ERISA consultants at the Retirement Learning Center (RLC) Resource Desk regularly receive calls from financial advisors on a broad array of technical topics related to IRAs, qualified retirement plans and other types of retirement savings and income plans, including nonqualified plans, stock options, and Social Security and Medicare.  We bring Case of the Week to you to highlight the most relevant topics affecting your business. A recent call with a financial advisor from Alabama is representative of a common inquiry related to charitable giving.

Highlights of the Discussion

  • No, the SECURE Act did not change the eligibility age for making a QCD; it remains at 70½. So, any “eligible IRA owner or beneficiary” (defined below) can make a QCD up to $100,000 for 2021 by December 31, 2021.  The contributor must keep records to prove the amount of the QCD  (see Substantiation Requirements in IRS Publication 526, Charitable Contributions).
  • Those who make QCDs before reaching age 72 will not have the added benefit of counting them towards their RMDs, but the QCDs still will be excludable from taxable income and go towards supporting good causes.

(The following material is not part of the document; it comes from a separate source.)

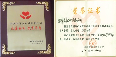 多年來,深安企業(yè)始終堅(jiān)持中華民族扶貧濟(jì)困的優(yōu)良傳統(tǒng),在企業(yè)逐步發(fā)展的同時(shí),始終不忘自身承擔(dān)的社會(huì)責(zé)任,在社會(huì)各類救助活動(dòng)中,關(guān)心災(zāi)區(qū)群眾,主動(dòng)伸出援助之手實(shí)施救助,自愿為社會(huì)捐款捐物,為深圳的慈善事業(yè)中做出了積極貢獻(xiàn)。
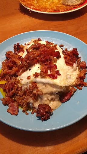 Ive ordered food from here before and it was fine. But I recently ordered the biscuits and gravy and it was horrible. It was like meat runoff mixed with flour and it was greasy and disgusting. It was honestly inedible and made me really sick. Ive never had biscuits and gravy that tasted like that. Do not order it if you actually like biscuits and gravy.

Because a QCD reduces taxable income, other potential benefits may result, for example, a person may be able to avoid paying higher Medicare premiums. Note that for those who make both QCDs and deductible IRA contributions[1] in the same year may need to limit the portion of a QCD that is excluded from income.
  • An eligible IRA owner or beneficiary for QCD purposes is a person who has attained age 70½ or older, and has assets in traditional IRAs, Roth IRAs, or “inactiveSEP IRAs or savings incentive match plans for employees (SIMPLE) IRAs. Inactive means there are no ongoing employer contributions to the SEP IRA or SIMPLE IRA. A SEP IRA or a SIMPLE IRA is treated as ongoing if the sponsoring employer makes an employer contribution for the plan year ending with or within the IRA owner’s taxable year in which the charitable contribution would be made (see IRS Notice 2007-7, Q&A 36).
  • A QCD is any otherwise taxable distribution (up to $100,000 per year) that an eligible person directly transfers to a “qualifying charitable organization.” QCDs were a temporary provision in the Pension Protection Act of 2006. After years of provisional annual extensions, the Protecting Americans from Tax Hikes Act of 2015 reinstated and made permanent QCDs for 2015 and beyond.
  • Generally, qualifying charitable organizations include those described in §170(b)(1)(A) of the Internal Revenue Code (IRC) (e.g., churches, educational organizations, hospitals and medical facilities, foundations, etc.) other than supporting organizations described in IRC § 509(a)(3) or donor advised funds that are described in IRC § 4966(d)(2). The IRS has a handy online tool Tax Exempt Organization Search, which can help taxpayers identify organizations eligible to receive tax-deductible charitable contributions. Note that a QCD contributor would not be entitled to an additional itemized tax deduction for a charitable contribution when making a QCD.
  • Where an individual has made nondeductible contributions to his or her traditional IRAs, a special rule treats amounts distributed to charities as coming first from taxable funds, instead of proportionately from taxable and nontaxable funds, as would be the case with regular distributions.
  • Be aware there are special IRS Form 1040 reporting instructions that apply to QCDs.
  • Section IX of IRS Notice 2007-7 contains additional compliance details regarding QCDs. For example, QCDs are not subject to federal tax withholding because an IRA owner that requests such a distribution is deemed to have elected out of withholding under IRC § 3405(a)(2) (see IRS Notice 2007-7 , Q&A 40).
  • There are other charitable giving options aside from QCDs. For example, the Consolidated Appropriations Act extended two temporary tax changes through the end of 2021 to encourage charitable giving by individuals (see Covid Tax Tip 2021-143). They include 1) a limited deduction (up to $600 for married couples) for charitable cash contributions for individuals who do not itemize deductions; and 2) a deduction of up to 100 percent of the taxpayer’s adjusted gross income for certain charitable cash contributions (if properly elected on their 2021 Form 1040 or Form 1040-SR) by those who itemize their deductions.
  • As one can see, the options for charitable giving are many and can be confusing, making consultation with a tax professional a recommended course of action.

Conclusion

Eligible traditional and Roth IRA owners and beneficiaries, including those with inactive SEP or SIMPLE IRAs, should be aware of the benefits of directing QCDs to their favorite charitable organizations.  Law changes and extensions have enhanced other giving options, making professional tax advice essential when making a gifting decision.

 

[1] The SECURE Act also eliminated the maximum age limit for making traditional IRA contributions.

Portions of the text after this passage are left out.